Records from a data collection:
************

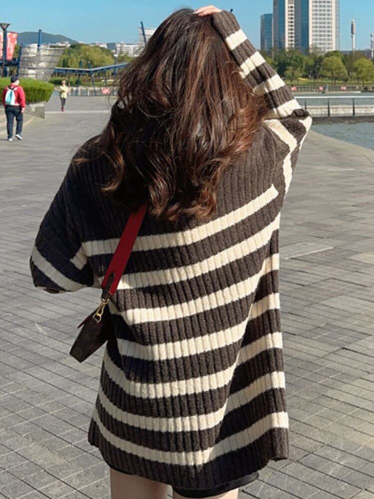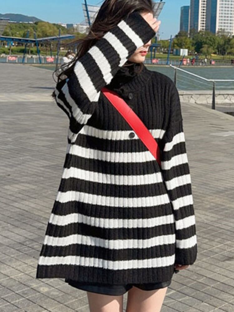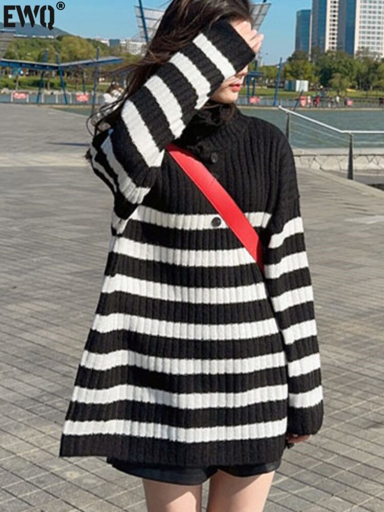 [EWQ] 黒白ストライプカラーブロッキングセータータートルネックボタンルーズプルオーバーニットトップ秋冬 16U5036 ホワイト ブラック オータム 秋物 ウィンター 冬物
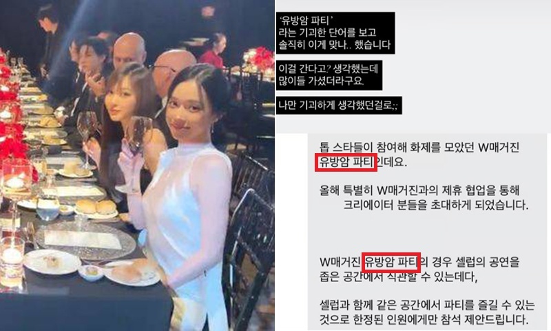 23일 패션 유튜버 시누(본명 전신우)가 W코리아 초대장에서 ‘유방암 파티’라는 표현이 사용된 사실을 공개하며 또 한 번 논란이 됐다. 시누는 “‘유방암 파티’라는 기괴한 단어를 보고 솔직히 ‘이게 맞나’ 했다. ‘이걸 간다고?’ 생각했는데 많이들 가셨더라. 나만 기괴하게 생각했던 걸로”라며 황당함을 전했다.
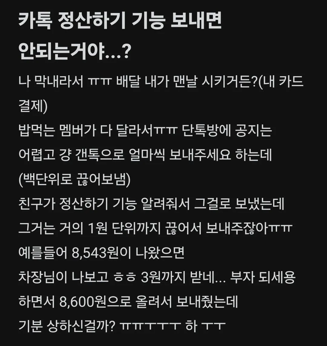근데, 나는 다르게.. 내가 원단위면 올려쳐서 줄라하는데, 특정모임에서 ㅡ.ㅡ 맨날 자기 카드깡 떄문에 하는분 있는데,
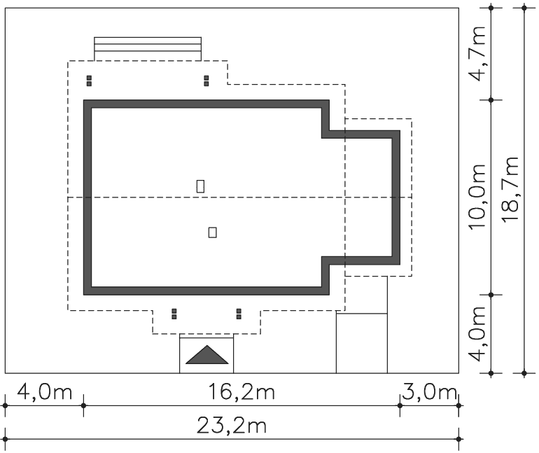 Grafika przedstawia minimalne wymiary działki. Aby sprawdzić, czy dom może być realizowany na konkretnej działce należy uzyskać Wypis i Wyrys z Miejscowego Planu Zagospodarowania Przestrzennego lub jeśli na danym terenie nie ma planu – Decyzję o warunkach zabudowy. Wszystkie projekty wymagają adaptacji do warunków miejscowych przez projektanta lokalnego.
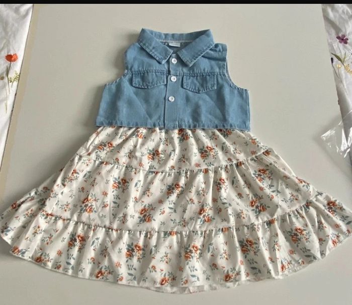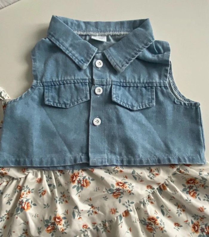 Veste en jean sans manches Robe à bretelles à fleurs Matière veste 25% polyester 60% coton 15% viscose Matière robe : polyester

************

## Aim of the task
Retype each entry exactly. No pictures.

## Response
 [EWQ] 黒白ストライプカラーブロッキングセータータートルネックボタンルーズプルオーバーニットトップ秋冬 16U5036 ホワイト ブラック オータム 秋物 ウィンター 冬物
 23일 패션 유튜버 시누(본명 전신우)가 W코리아 초대장에서 ‘유방암 파티’라는 표현이 사용된 사실을 공개하며 또 한 번 논란이 됐다. 시누는 “‘유방암 파티’라는 기괴한 단어를 보고 솔직히 ‘이게 맞나’ 했다. ‘이걸 간다고?’ 생각했는데 많이들 가셨더라. 나만 기괴하게 생각했던 걸로”라며 황당함을 전했다.
근데, 나는 다르게.. 내가 원단위면 올려쳐서 줄라하는데, 특정모임에서 ㅡ.ㅡ 맨날 자기 카드깡 떄문에 하는분 있는데,
 Grafika przedstawia minimalne wymiary działki. Aby sprawdzić, czy dom może być realizowany na konkretnej działce należy uzyskać Wypis i Wyrys z Miejscowego Planu Zagospodarowania Przestrzennego lub jeśli na danym terenie nie ma planu – Decyzję o warunkach zabudowy. Wszystkie projekty wymagają adaptacji do warunków miejscowych przez projektanta lokalnego.
 Veste en jean sans manches Robe à bretelles à fleurs Matière veste 25% polyester 60% coton 15% viscose Matière robe : polyester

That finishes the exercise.